• What is required
Retype, exactly and completely, the listing that comes next, skipping its images.

-------- Information supplied

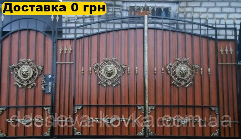 Кованые ворота из художественной ковкой из профнастила Код: А-0156 Мы изготовим ворота индивидуально по вашим размерам за 4 рабочих дня. Наши ворота производятся на современном оборудовании специалистами нашей компании, что гарантирует скорость и качество. Уличные ворота из профнастила отлично подходят для обустройства въезда во двор частного дома. Классические конструкции не зря пользуются спросом на протяжении нескольких веков: они хорошо выполняют свои функции, оставаясь простыми и удобными в использовании. Изделие может иметь любую форму и дизайн: из-за его технических особенностей ограничений в возможностях декорирования практически нет. БЕСПЛАТНАЯ доставка по всей Украине! (Доставка курьером до Вашего дома, в любой город/село Украины.) По желанию заказчика калитка может быть справой или с левой стороны. Стандартные размеры: Ворота: 3.4м х 1.7м по столбикам. Калитка: 0.9м х 1.7м по столбикам. Также мы можем изготовить ворота индивидуально по размерам заказчика. Цвет профнастила по выбору! Наша компания является одним из самых больших производств на рынке Украины. Звоните и мы Вас проконсультируем +380965364101.
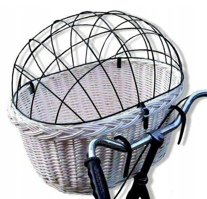 Punutud transpordikorv jalgratta juhtrauale, korvi küljes on metallist painutatud torud, mis kinnituvad üle juhtraua. Korvil on pealmine metallist võre, mis kinnitub kolme nahast rihmaga (reguleeritavad) korvi külge, et Sinu lemmik ei saaks sõidu ajal korvist välja hüpata. Metallist võre on täielikult eemaldatav, muutes korvi kasutamise eesmärki - saad seda kasutada näiteks lihtsalt rattakorvina asjade hoidmiseks. Korvi maksimaalne kandevõime 15 kg.
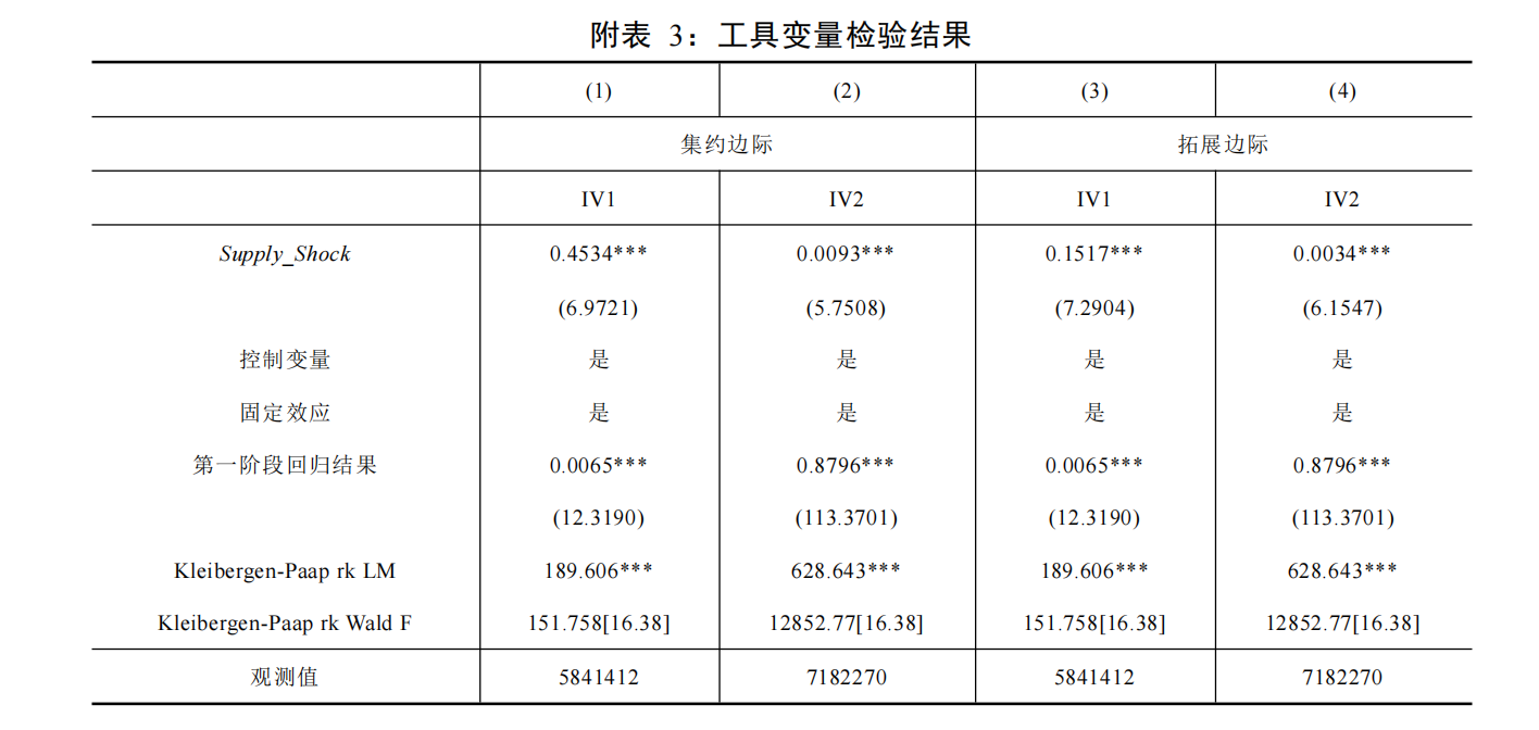 内生性问题:工具变量法。IV1:海外市场接近度乘以国际原油价格。将海外市场接近度(各城市到最近港口距离的倒数乘以100)乘以国际原油价格构造城市层面的时变变量。IV2:城市面临的中国主要进口伙伴中间品出口下降导致的供应链风险。
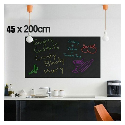 - PRAKTYCZNA - Samoprzylepna tablica kredowa świetnie sprawdzi się do każdego pokoiku dziecięcego lub w miejscu wyznaczonym do zabaw. Idealna alternatywa do standardowej stojącej tablicy kredowej. Można ją przykleić w dowolnym miejscu na suchej i gładkiej powierzchni. Łatwa w czyszczeniu - wystarczy przetrzeć szmatką. Doskonałe do dziecięcych zabaw, zapisywania planu lekcji, obowiązków domowych bądź innych ważnych informacji. W skład zestawu wchodzi dodatkowo 5 kred w różnych kolorach

----------------

• Solution to the exercise
 Кованые ворота из художественной ковкой из профнастила Код: А-0156 Мы изготовим ворота индивидуально по вашим размерам за 4 рабочих дня. Наши ворота производятся на современном оборудовании специалистами нашей компании, что гарантирует скорость и качество. Уличные ворота из профнастила отлично подходят для обустройства въезда во двор частного дома. Классические конструкции не зря пользуются спросом на протяжении нескольких веков: они хорошо выполняют свои функции, оставаясь простыми и удобными в использовании. Изделие может иметь любую форму и дизайн: из-за его технических особенностей ограничений в возможностях декорирования практически нет. БЕСПЛАТНАЯ доставка по всей Украине! (Доставка курьером до Вашего дома, в любой город/село Украины.) По желанию заказчика калитка может быть справой или с левой стороны. Стандартные размеры: Ворота: 3.4м х 1.7м по столбикам. Калитка: 0.9м х 1.7м по столбикам. Также мы можем изготовить ворота индивидуально по размерам заказчика. Цвет профнастила по выбору! Наша компания является одним из самых больших производств на рынке Украины. Звоните и мы Вас проконсультируем +380965364101.
 Punutud transpordikorv jalgratta juhtrauale, korvi küljes on metallist painutatud torud, mis kinnituvad üle juhtraua. Korvil on pealmine metallist võre, mis kinnitub kolme nahast rihmaga (reguleeritavad) korvi külge, et Sinu lemmik ei saaks sõidu ajal korvist välja hüpata. Metallist võre on täielikult eemaldatav, muutes korvi kasutamise eesmärki - saad seda kasutada näiteks lihtsalt rattakorvina asjade hoidmiseks. Korvi maksimaalne kandevõime 15 kg.
 内生性问题:工具变量法。IV1:海外市场接近度乘以国际原油价格。将海外市场接近度(各城市到最近港口距离的倒数乘以100)乘以国际原油价格构造城市层面的时变变量。IV2:城市面临的中国主要进口伙伴中间品出口下降导致的供应链风险。
 - PRAKTYCZNA - Samoprzylepna tablica kredowa świetnie sprawdzi się do każdego pokoiku dziecięcego lub w miejscu wyznaczonym do zabaw. Idealna alternatywa do standardowej stojącej tablicy kredowej. Można ją przykleić w dowolnym miejscu na suchej i gładkiej powierzchni. Łatwa w czyszczeniu - wystarczy przetrzeć szmatką. Doskonałe do dziecięcych zabaw, zapisywania planu lekcji, obowiązków domowych bądź innych ważnych informacji. W skład zestawu wchodzi dodatkowo 5 kred w różnych kolorach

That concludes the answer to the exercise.